Le système de Boscovich fut rarement appliqué par les savants dans toute sa rigueur : on entend peu parler de sa courbe de forces unique. Au dix-neuvième siècle, Saint-Venant[2] a repris son hypothèse, en la simplifiant. La courbe de Saint-Venant est encore asymptote aux deux axes, mais elle ne coupe plus celle des distances qu’une seule fois. Il est au moins douteux qu’une courbe unique de ce genre puisse rendre compte des diverses actions moléculaires et atomiques qu’on sera obligé de supposer pour expliquer tous les phénomènes observés. Quoi qu’il en soit, la force unique de Saint-Venant n’a pas eu beaucoup plus de succès que celle de son prédécesseur.
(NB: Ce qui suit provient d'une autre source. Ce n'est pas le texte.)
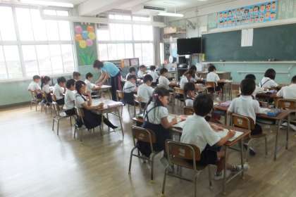 始業式の後は、宿題の答え合わせなどの学習や席替えなどの学級活動が早速始まりました。
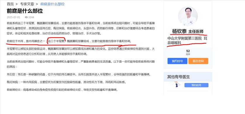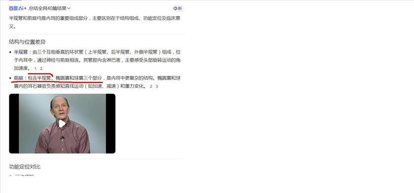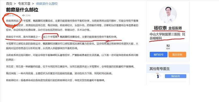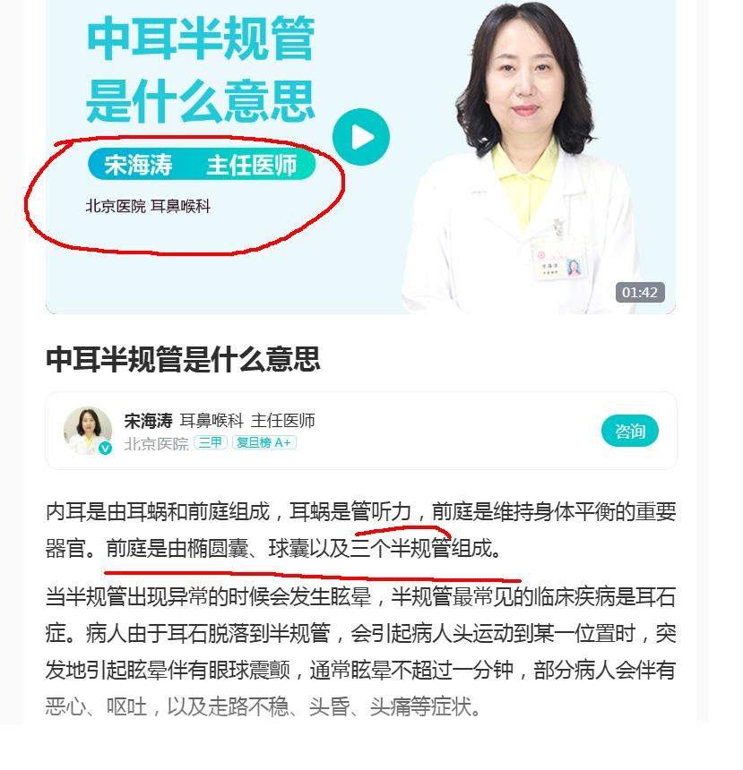 拿个百du内容当权威的,又好气又好笑。能不能看看专业的书本啊,别老是去百du。 这种阿猫阿狗yiliao号,baijia号,百du AI 内容没啥营养的,都是生意。看到“预约挂号”了没?如果你愿意,你也可以花钱占广告位推广,成为专家。 你贴的图里专家文章 开头就说了“前庭系统”,我是从来没听过这种说法的,但这恰恰说明矛盾,一会儿“前庭系统”,一会儿又“前庭”,太矛盾了。 我像你一样去百du一回,结果说“一个人晕车或晕船,就是他的前庭和半规管在起作用”,由此百du内容表明,“前庭”和“半规管”没有从属关系。与你的观点有矛盾呢。同样是百du的内容,你信还是不信? 插图1是你发的,开头所谓“前庭系统” 插图2是我去百du得到的内容之一 插图3是外文教材内容,说前庭位于半规管与耳蜗之间,专业程度远高于百du ![]() ![]() ![]() |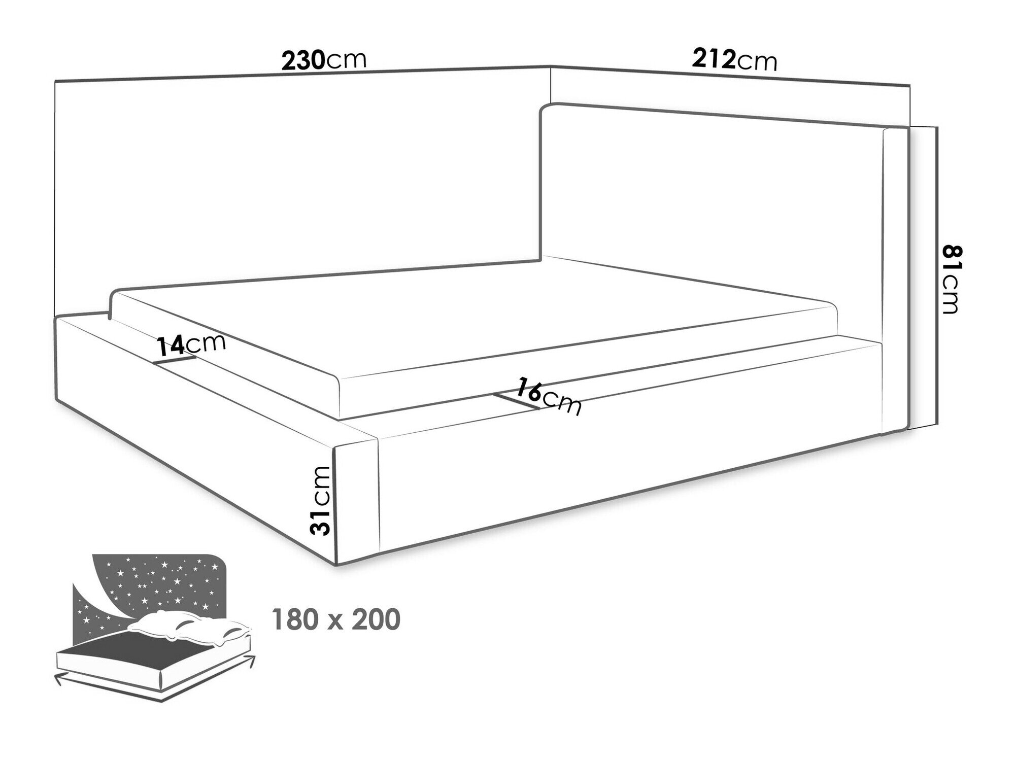 Sengekasse dimensioner: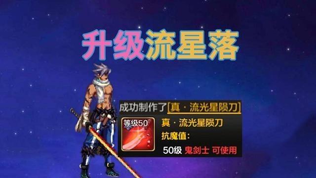 流光星陨刀(50 级粉太刀)俗称 “流星落”,火属性攻击,攻击有几率召唤陨石砸落;刀身修长帅气,当年 PK 场与刷图都极具统治力,价格一度高达数千元;出处为老鼠、无头骑士等高级副本。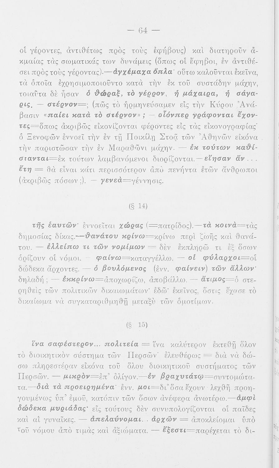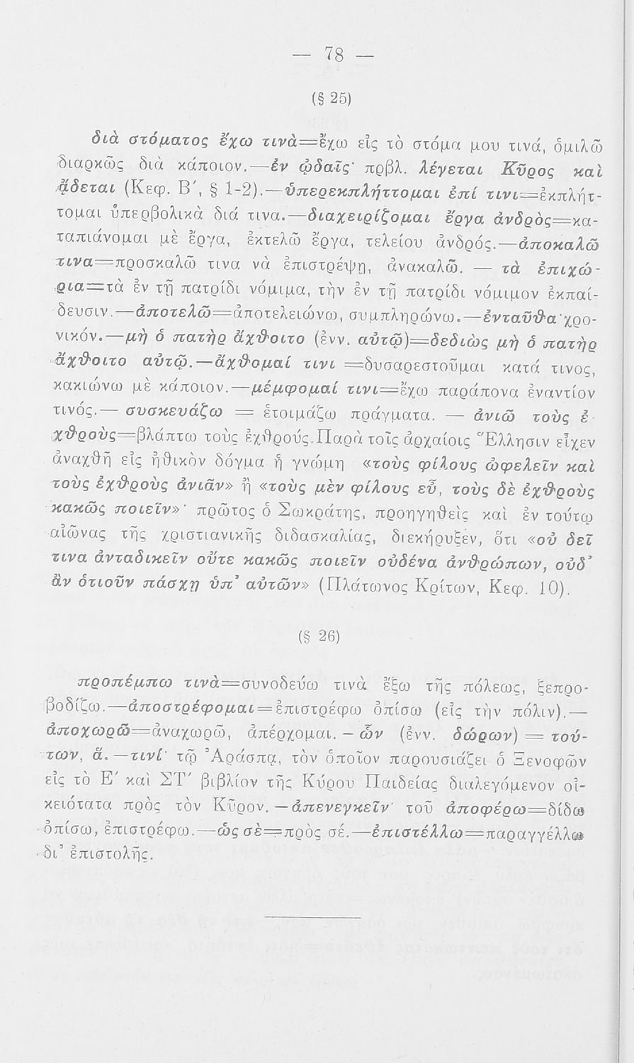 Σχολικό εγχειρίδιο Αρχαίων Ελληνικών για την Γ΄ Εξαταξίου Γυμνασίου που περιλαμβάνει εισαγωγή στη ζωή και το έργο του Ξενοφώντα, αποσπάσματα από το Κύρου Παιδεία, ερμηνευτικές σημειώσεις, σκίτσα που απεικονίζουν πολεμικά όπλα της εποχής και χωρογραφικό πίνακα της περιοχής.

Néanmoins, les idées de Boscovich ont exercé une influence considérable sur la science, par le fait qu’il a, le premier, résolument dépouillé l’atome d’étendue : en ce sens, tous les physiciens qui se sont dans la suite servis d’atomes-points dérivent de lui. Boscovich n’a d’ailleurs pas manqué d’appuyer son système sur une critique de la théorie corpusculaire fondée sur des considérations relatives à la transmission du mouvement. « Quid autem est impenetrabilitas ista ? Unde fit ut idem spatium bina corpora occupare non possint ? »[3] Cette impénétrabilité ne peut être qu’une force et toute transmission du mouvement doit s’opérer par l’intermé-

  1. Boscovich, l. c., p. 6.
  2. De Saint-Venant. Mémoire sur la question de savoir s’il existe des masses continues, etc. Paris, 1844, p. 9. — Saint-Venant a changé d’opinion plus tard et tenté d’écarter complètement la notion de force. Cf. Padé, Revue générale des sciences, 1905, p. 765.
  3. Boscovich. De viribus vivis dissertatio. Rome, 1745, p. 33.